In what came as a surprise to many Thursday night, interim Bremerton School District Superintendent Bette Hyde announced that she is leaving the district to pursue another career opportunity at the end of the school year.

That announcement effectively ended the battle between community members and the Bremerton School District Board of Directors over how long Hyde should remain superintendent after being rehired in August on an interim basis, which came just months after Hyde retired last April.

Board President Cynthia Galloway thanked the public for all of the feedback the board has received on the superintendent search issue and asked those who have communicated their concerns to the board to take action.

"It would be great to have you join the superintendent search task force," Galloway said. "To borrow a phrase from President Obama, 'Yes, we can. Yes, we will get the job done we have as elected officials."

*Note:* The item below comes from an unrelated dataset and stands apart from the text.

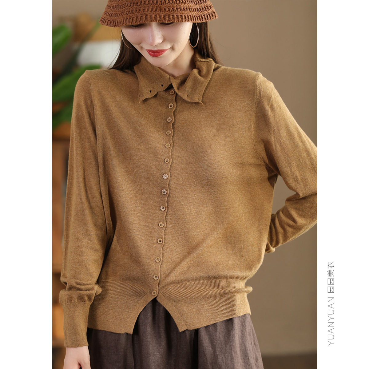 时尚绵羊毛打底衫桑蚕丝上衣软糯长袖内搭单排扣气质纯色打底衫秋
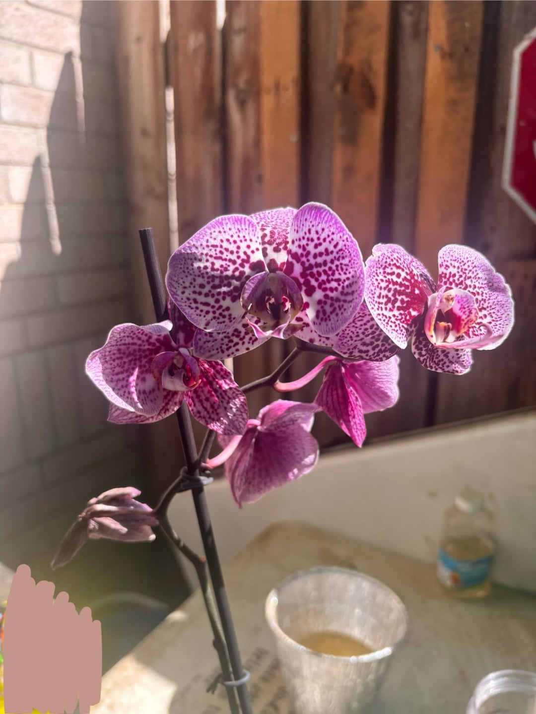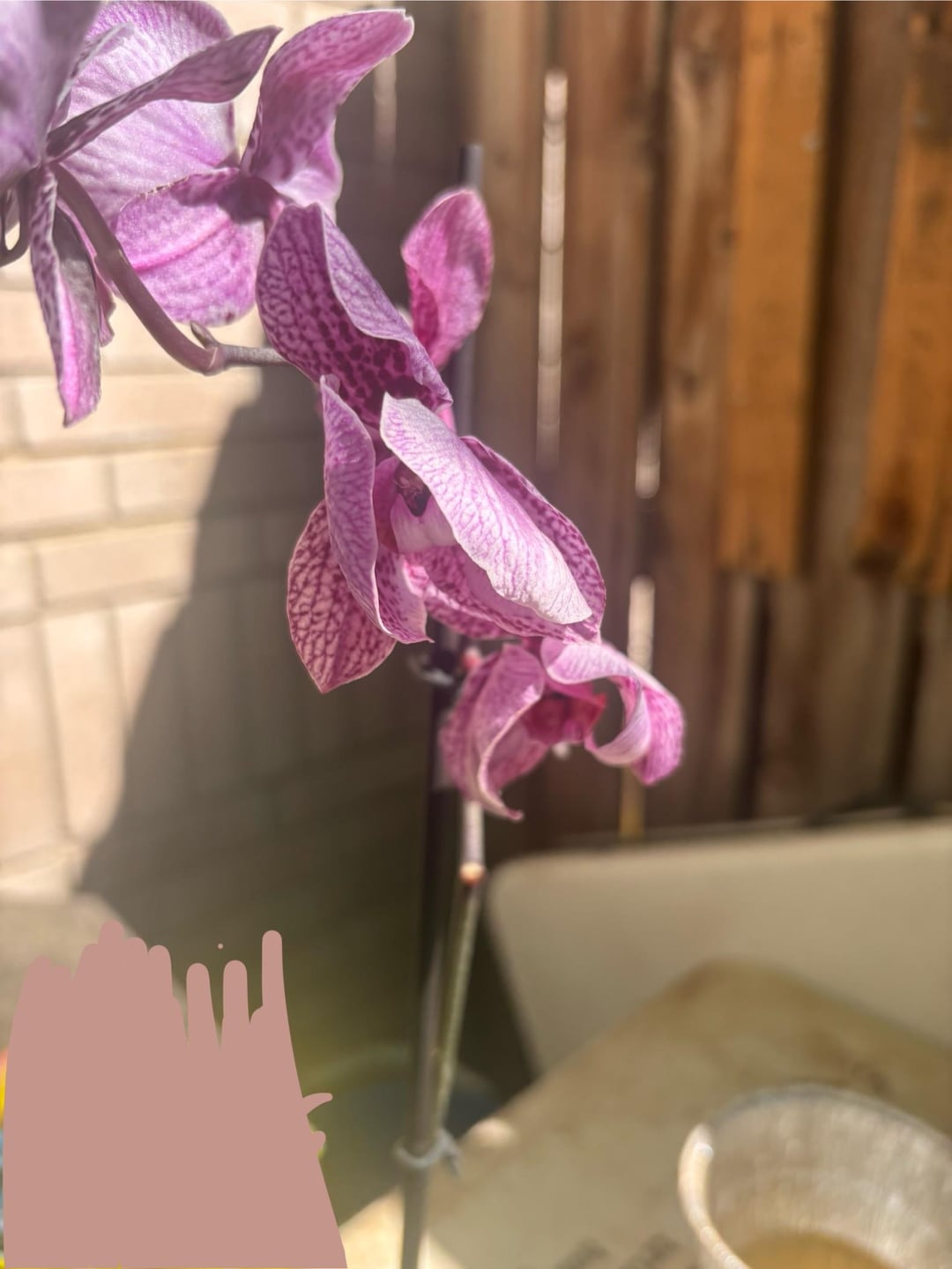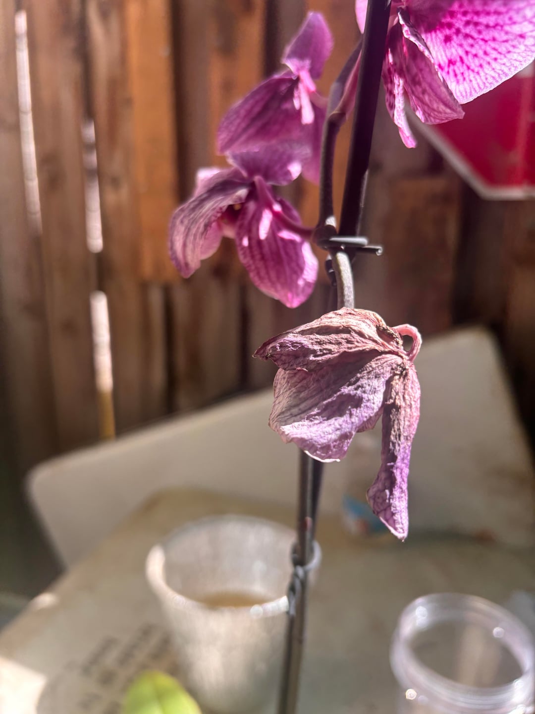 私はこの蘭をホームセンターで購入しましたが、約2年間で彼女は成長していました。でもその後、彼女を外に放っておいたら、思ったより暑くなってしまった(双極性障害、ああ、テキサスの天気)。彼女は茶色くなり始め、ゆっくりと垂れ始めました。最近彼女を植え替えて、それが私がミラクルグロウを使用した問題だったかどうかを確認しました "蘭用鉢植えミックス" しかし何も変わりませんでした。助けてください

Now is time for the community to come together and do what's best for the children in the district and "be effective role models and leaders," she said.

Board member Louis Mitchell, who had been outspoken in his pleas for the board to expedite its superintendent search, asked that the board hear from professionals in the superintendent search arena before deciding which course of action to pursue regarding finding Hyde's replacement.

Fellow board member Pat Jones reiterated his concerns about the potential costs of a nationwide search during a time when the district is looking at budget cuts across the board.

"I'm still saying we should look inside and look close for a superintendent," Jones said.

Jones recommended that district personnel director Denise Zaske continue gathering information for the board about the search, so the board will have enough information to move ahead with the search.

Before the board begins its search, board member DeWayne Boyd asked that the board acknowledge some harsh realities resulting from the bitter debate over Hyde's return and the way the board has proceeded so far with the search.

Among those realities are the negative publicity the district has received over the past few months and how a potential candidate might perceive how the board operates, Boyd said.

"We need an organization that will go out and be an advocate for the district," he said.

The board also needs to reaffirm what it is seeking in the district's next superintendent, because Boyd said he doesn't want to see the district take a step backwards after Hyde leaves at the end of the school year.

On the cost front, Boyd said in addition to the cost of hiring a search firm, the board needs to be aware of the costs associated with bringing in candidates for interviews as well.